All families in Sweden with a child who is diagnosed with cancer will be offered to participate in a special project within Genomic Medicine Sweden, which is financed by the Swedish Childhood Cancer Fund. This project will increase knowledge on why childhood cancer occurs and improve possibilities for making a faster and more detailed diagnosis. The analyses may also enable the ability to detect targets for treatment at an early stage.
Roughly 300 children are diagnosed with cancer each year in Sweden. Today diagnostics, care and treatment of children with cancer are already well coordinated on a national level. We are now working to enable routine analysis of all genes, so called whole genome sequencing, for all types of childhood cancer.
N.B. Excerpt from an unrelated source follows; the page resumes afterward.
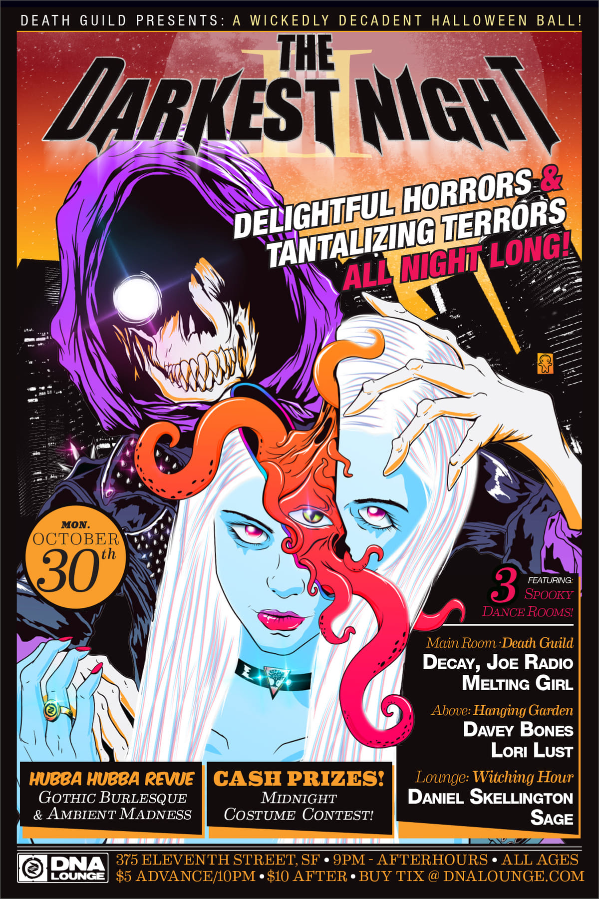 Death Guild is the oldest weekly goth/industrial dance night in the country, and the second oldest in the world! Every Monday, six DJs in two rooms play a mix of gothic, industrial, synthpop, noise, ambient, and weird stuff for those who love the darker side of things.

In 2020, a multicenter ethics permit was approved for the project. The project will start operating in Sweden’s six pediatric oncology centers during 2021.
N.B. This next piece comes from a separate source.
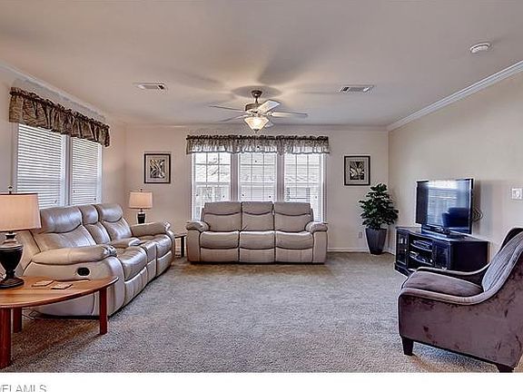 55+ COMMUNITY! This home offers 2 bedrooms with a den. Home features include open floor concepts, large master bedroom with on-suite bathroom, dual sinks with walk in shower, laundry in residence with storage cabinets and large counter for folding clothes. The community is very social with heated swimming pools, shuffle board, and organized social events. The community is located conveniently off of Old 41 with quick access to restaurants, shopping, beaches, and all of SWFL has to offer!

We will also develop tools to analyse and clinically interpret the genomic data that results from these analyses. In addition to whole genome sequencing, other supplementary sequencing techniques will be used. One important challenge is to perform these analyses quickly enough for the information to benefit individual children. In the long run, results from the project will also provide important knowledge about how similar analyses can be implemented for more common cancers affecting adults.
This investment in childhood cancer is funded by the Swedish Childhood Cancer Fund (Barncancerfonden) and is conducted in collaboration with the Swedish Childhood Tumour Biobank (Barntumörbanken), the Nordic Childhood Leukemia Biobank (Nordiska barnleukemibiobanken), and the Swedish healthcare system.